Chinese authorities have held multiple closed-door meetings in recent weeks during which banks and other financial institutions including securities companies were encouraged to support fundraising by developers, the sources said.
Although the People’s Bank of China (PBOC) has been nudging state-backed financial firms to support fundraising by stronger developers, it has so far refrained from issuing specific orders, according two separate sources.
Officials at two state banks and three state-backed asset managers said they have been trimming their holdings of property bonds since early this year despite several rounds of regulatory “window guidance” – verbal instructions from regulators to mainly Chinese companies – they received to support the sector.
All the sources declined to be identified for this story due to the sensitivity of the matter.
The PBOC and the China Banking and Insurance Regulatory Commission (CBIRC) did not respond to requests for comment.
Developers’ Offshore Bonds Plunged 200%
While banks rapidly expanding loan exposure to developers would be a moral hazard for Beijing which unveiled policies to rein in ballooning leverage two years ago, authorities this year have guided strong builders to also issue onshore bonds to restore normalcy in fundraising activities.
Loans granted by Chinese banks to developers in July dropped close to 37% on-year, while capital raised from offshore bond markets plunged 200%, according to calculations of the National Bureau of Statistics (NBS) data.
Onshore bond issuance in July, however, rose 4.2% from June to 32 billion yuan, according to researcher CRIC. Top issuers during the month were mostly state-owned or backed developers, including China Vanke and China Jinmao.
The issuance of onshore bonds is expected to rise – stock prices of developers and some of their bonds rebounded last week after media reported that Beijing would guarantee new onshore bond issues by a few, better-quality private firms.
As part of that move, Longfor Group Holdings on Tuesday announced the launch of an up to 1.5 billion yuan ($218.54 million) bond offering.
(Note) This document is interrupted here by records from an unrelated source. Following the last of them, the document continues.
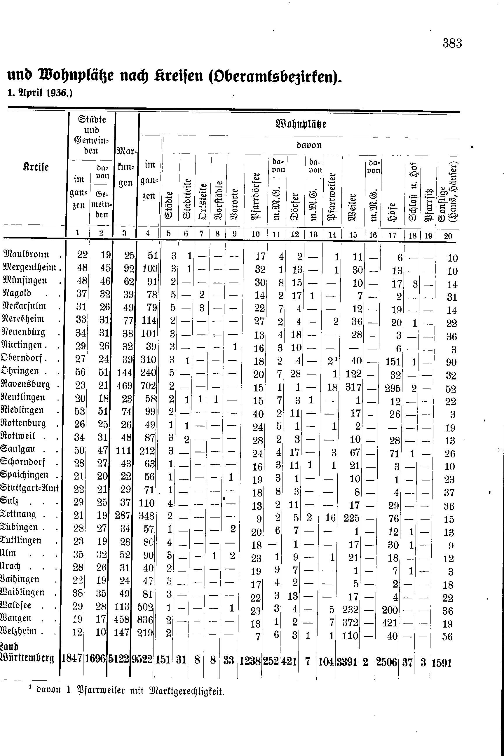 | Land Württemberg | 1847 | 1695 | 5122 | 9522 | 151 | 31 | 8 | 8 | 33 | 1238 | 252 | 421 | 7 | 104 | 3391 | 2 | 2506 | 37 | 3 | 1591 |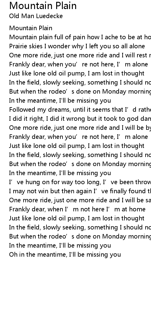 | Mountain plain full of pain how I ache to be at home | |
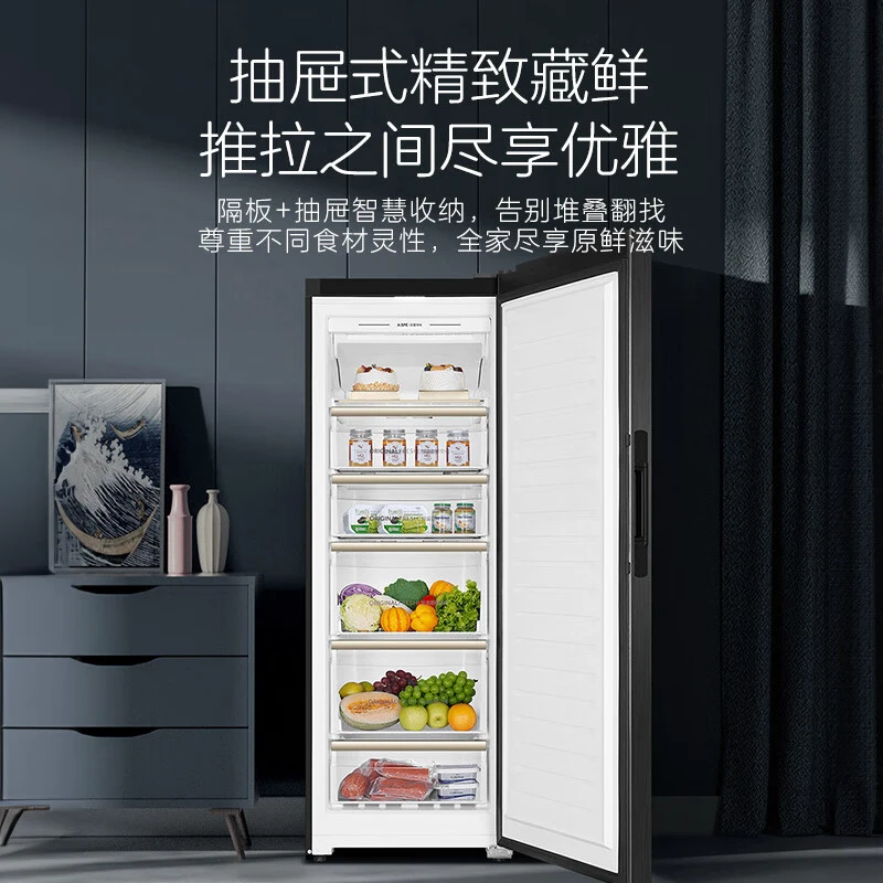 - 抽屉式设计,智能分层储藏,大容量227L却小占地,提供充足存储空间,尊重不同食材的存储需求。
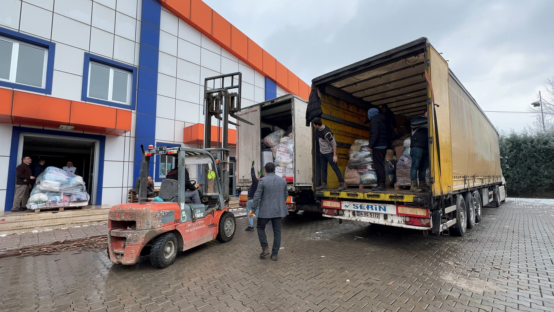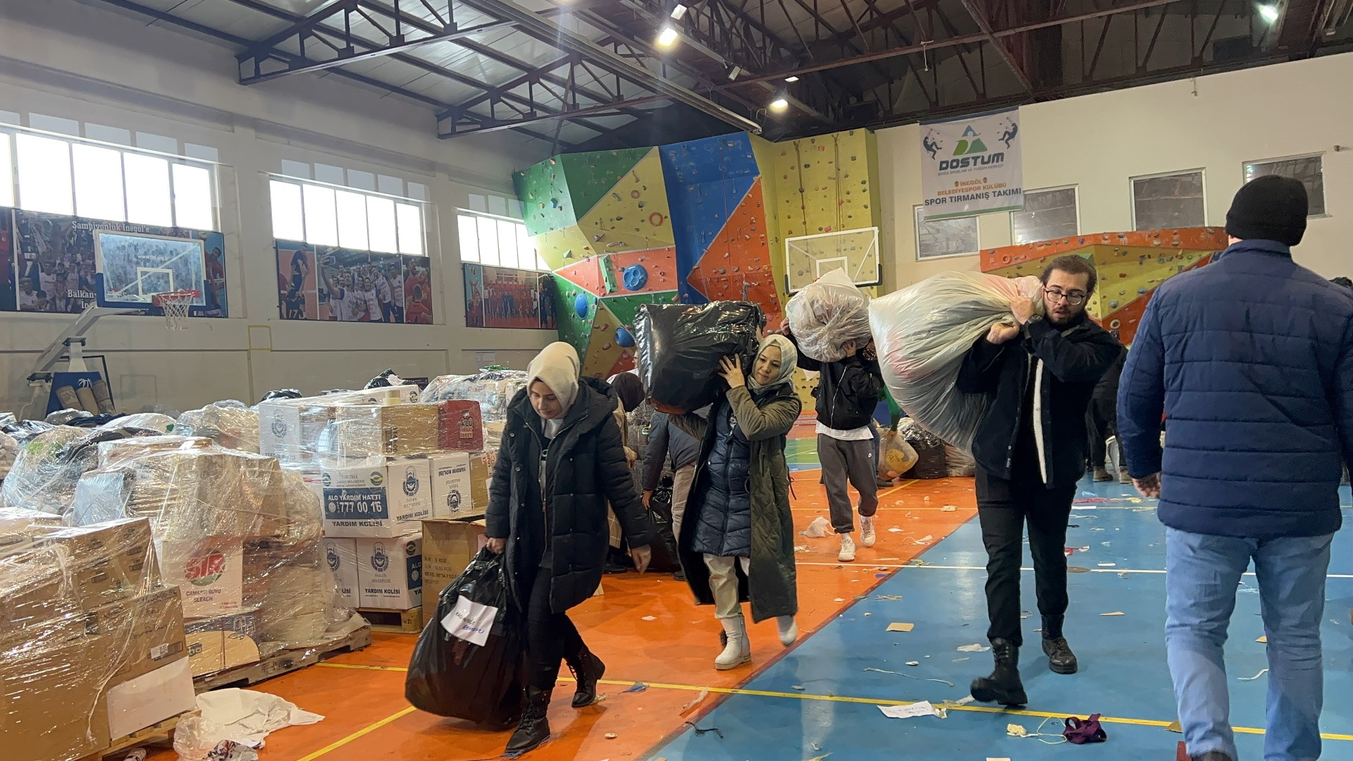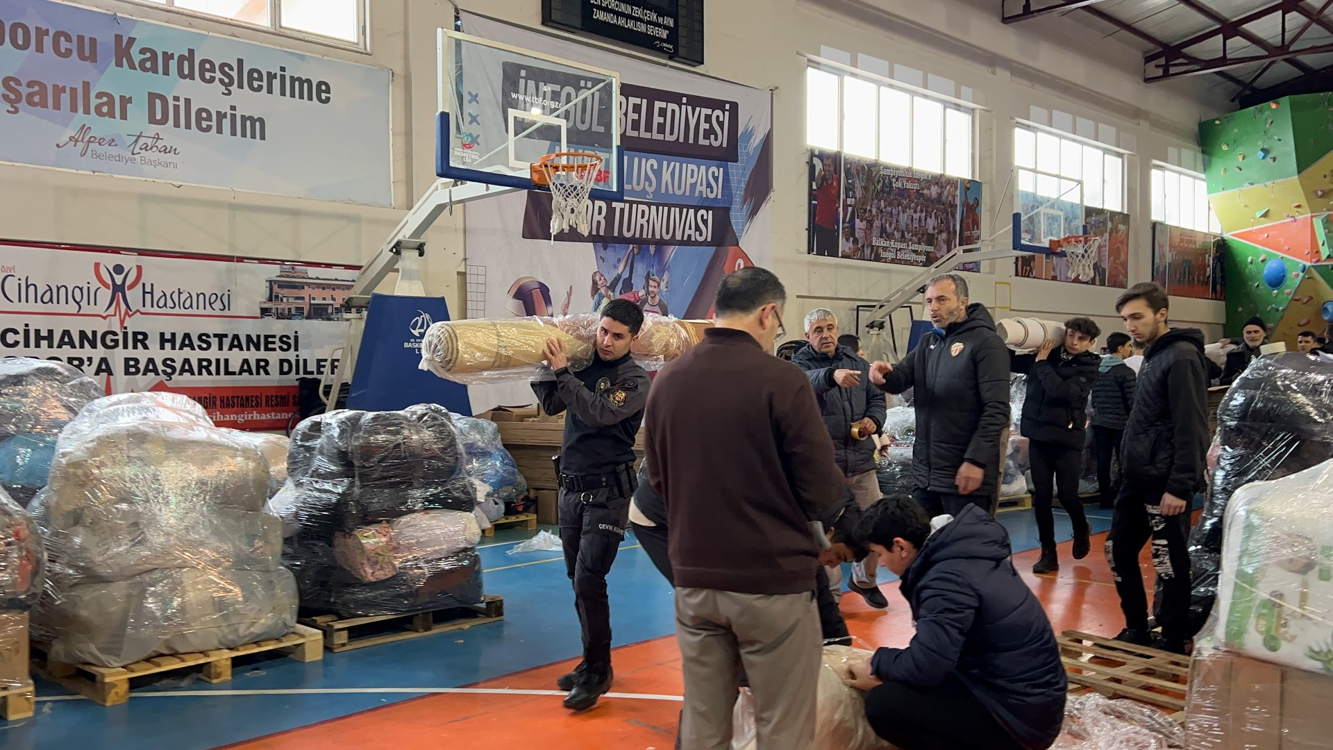 Bugün Yunus Emre Spor Kompleksi ve Kültürpark içi Spor salonunda devam eden yardım malzemesi toplama çalışmalarına İnegöllü gençler, belediye ekipleri, kadınlar, öğrenci ve öğretmenler, sivil toplum kuruluşlarının temsilcileri, polis ve jandarma ekipleri ile gönüllü vatandaşlar hem paketleme hem de tırlara yükleme işlemine destek veriyor. Yüklenen tırlar vakit kaybetmeden deprem bölgelerine ulaşmak üzere yola çıkıyor.

And there are expected to be more in coming days.
Chinese financial firms are typically major subscribers to these new offerings by local companies. This time, however, some are not looking to buy new notes even from developers that have relatively better balance sheets.
“We can’t afford riding out the volatility before maturity. It will mess up our books,” a credit analyst with a Shanghai-based and state-backed asset manager said, talking about interest in new bonds from developers.
“Analysis does not work any more, because pessimism has grabbed the market … anything related to property is a no-go,” said the credit analyst, who declined to be identified as they are not allowed to speak to the media.
Longfor declined to comment.
Huarong Asset Management Company, one of China’s four large state-owned bad loan managers, has been tasked with looking at some stalled property projects, but has passed over many, said an official involved in those decisions.
“We need to have some comfort that we’ll get repaid at least some of our funds,” the official said, adding that the banking sector regulator would be visiting their offices this month to assess property risks.
Huarong did not respond to requests for comment.
Some developers are also finding that state reassurances on stabilising the sector don’t necessarily translate into more bank funding, as they scramble to finish apartment construction to placate homebuyers threatening to stop paying mortgages.
An industry source close to developers said issuing bonds now was not easy as it’s hard to find buyers and many investors were trying to sell their holdings. Banks also may not have enough purchase quota for all the issuers, the source added.